I'm reluctant to try and do this at will take some time to implement, likely lead to performance degradation and will undoubtedly introduce other bugs.
Comment 7 Ken Sharp 2015-06-16 02:20:39 UTC
Commit 72ca9b670f70cfaad1a299f891d03a313143cc3c resolves the missing strokes (and caters for other path constructors like 're').

This has been quite difficult to work around, taking several days to get working without breaking anything else.

We don't really support nested text blocks (because the spec says quite unambiguously that they are illegal) and simply terminate the earlier one if we find a BT inside a BT. Further changes in this area are likely to be nigh impossible without breaking other files. We would have to rewrite the text handling.

I intend to have one attempt at mimicking the bizarre Acrobat behaviour where it images text only at the ET, meaning the z-ordering of objects is wrong. If I can't make that work reasonably easily I'm going to give up on it.
Comment 8 Ken Sharp 2015-06-18 07:13:50 UTC
I've come to the conclusion that the insane Z-ordering performed by Acrobat is impossible for us to reproduce. In order to do so we would somehow have to arrange to execute text blocks which contain non-text operations twice. The first time through we'd draw everything, then we'd go back and only draw the text operations, thus ensuring they come out on top.
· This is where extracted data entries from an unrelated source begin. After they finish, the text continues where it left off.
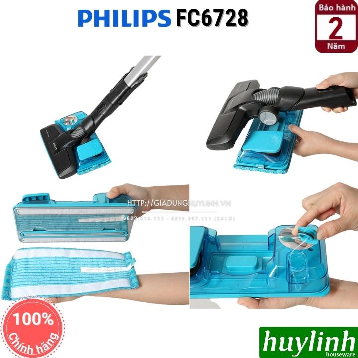 - Máy hút bụi dùng pin Philips FC6728 có hệ thống hút bụi và lau sàn độc đáo kiểm soát việc tháo nước để duy trì độ ướt tối ưu cho tất cả các sàn cứng trong khi lau dọn. Có thể giặt các tấm đệm vi sợi bằng tay hoặc bằng máy giặt.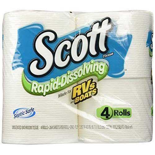 Scott 4pk Rapid-Dissolving RV Tissue breaks up four times faster than other leading brands, allowing it to dissolve so it does not clog your system. Specially made for your RV, boat or septic system, this Scott bathroom tissue is Scott Clog Clinic tested and approved, allowing you to use it with peace of mind. In a convenient 4-count pack, this Scott tissue is there when you need it, whether in your home or on the go in your recreational vehicles.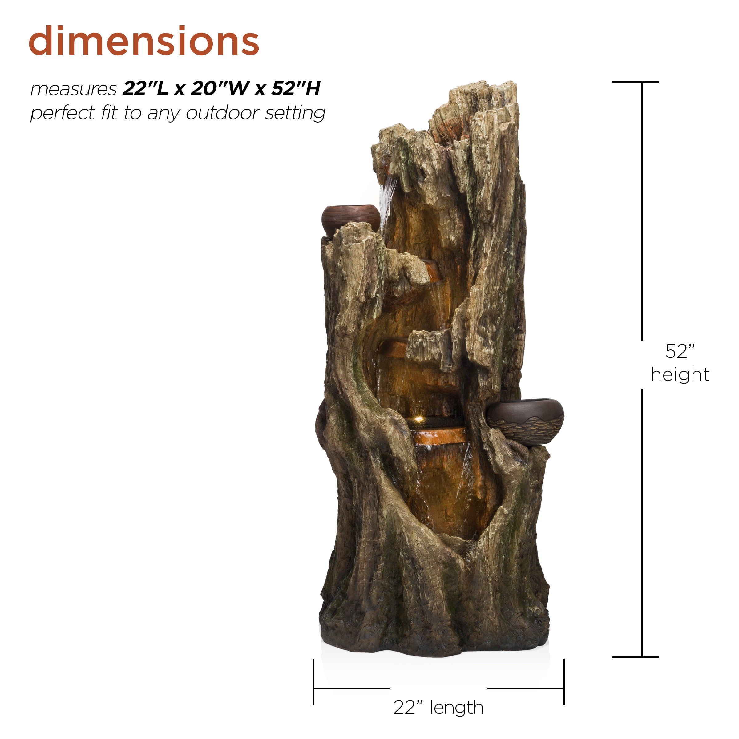 - Fountain measures 20″ x 19″ x 52″, a perfect size for any backyard, patio, garden, or deck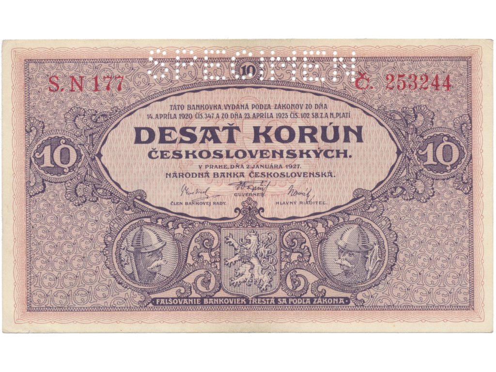 10 Koruna 1927, série N, SPECIMEN, Hej.22b.S1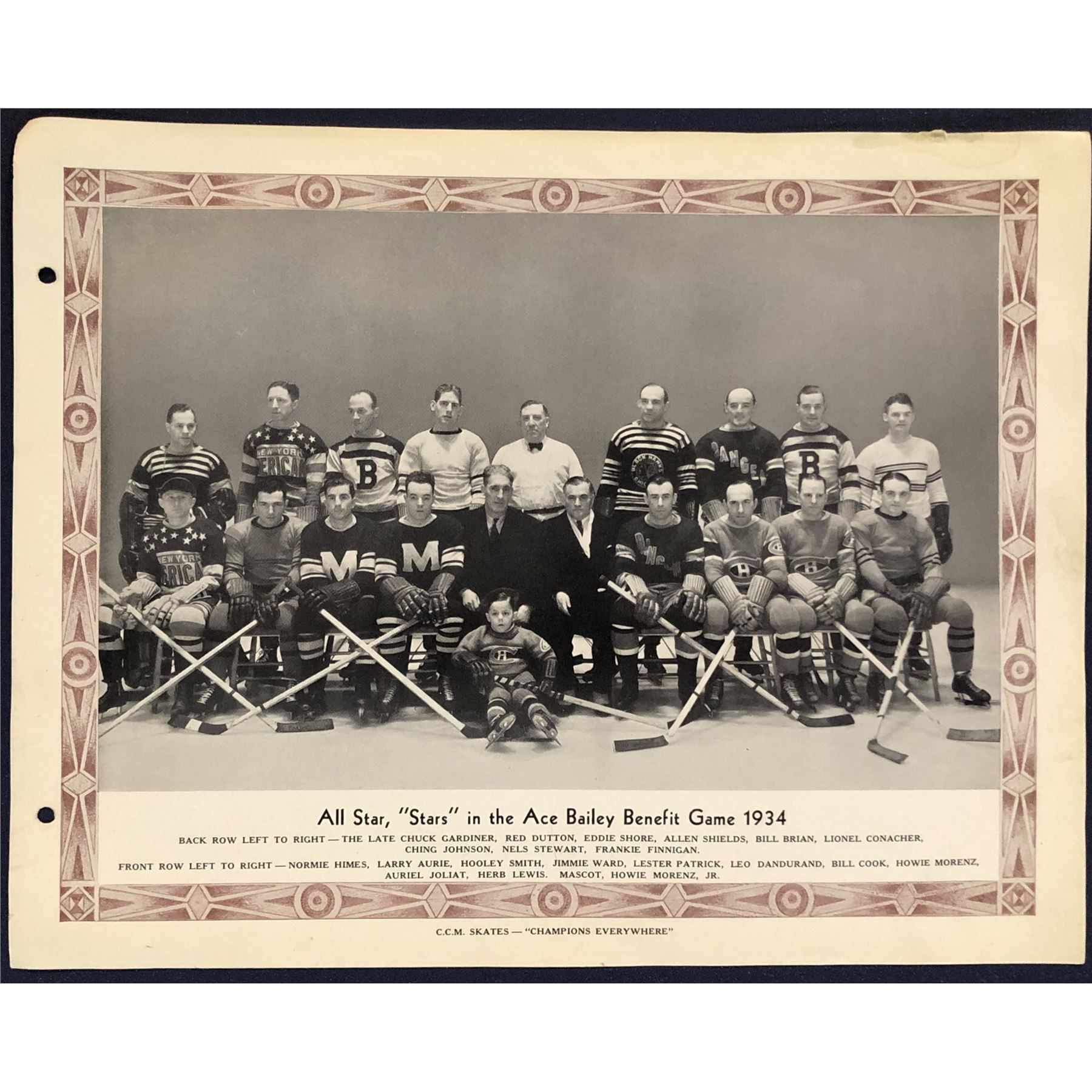 Lot 3 CCM HOCKEY TEAM PICTURE 1934 ACE BAILEY BENEFIT GAME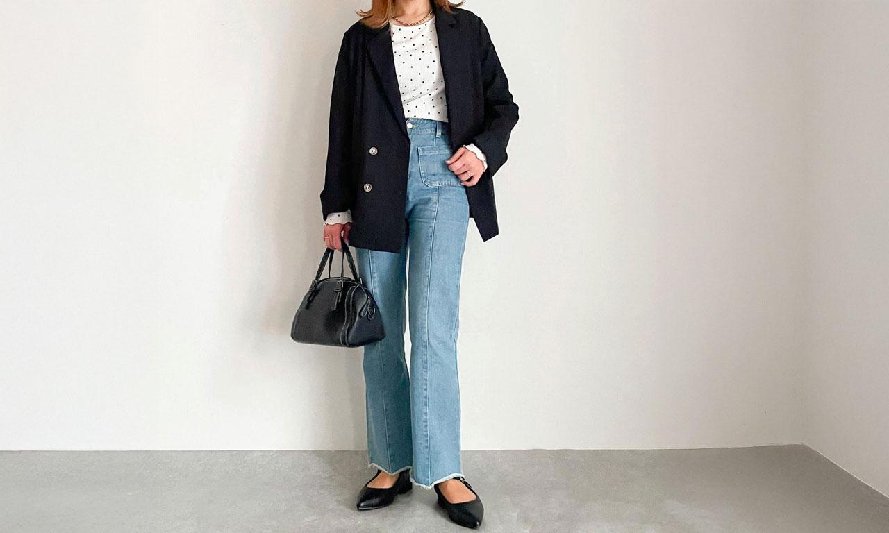 甘さを抑えたいなら、ジャケットスタイルでハンサムに♡ デニムでカジュアルダウンしつつも、キレイめ要素は残して。

This means repositioning the current execution pointer. But we can't do that for a compressed stream (eg Flate) because we would have to go right back to the first compressed byte and decompress until we reached the point we want to get to.

The way our PDF interpreter works that's essentially impossible. We could code it, but it would mean rewriting the entire interpreter so that every stream can be rewound, or so that every stream is a reusable stream. That's probably a couple of years of work, with a might long bug tail afterwards. And the easy answer of using a reusable stream throughout would probably have negative performance implications.

The PDF file is invalid, and we now do the best we can with it. That's as good as its going to get.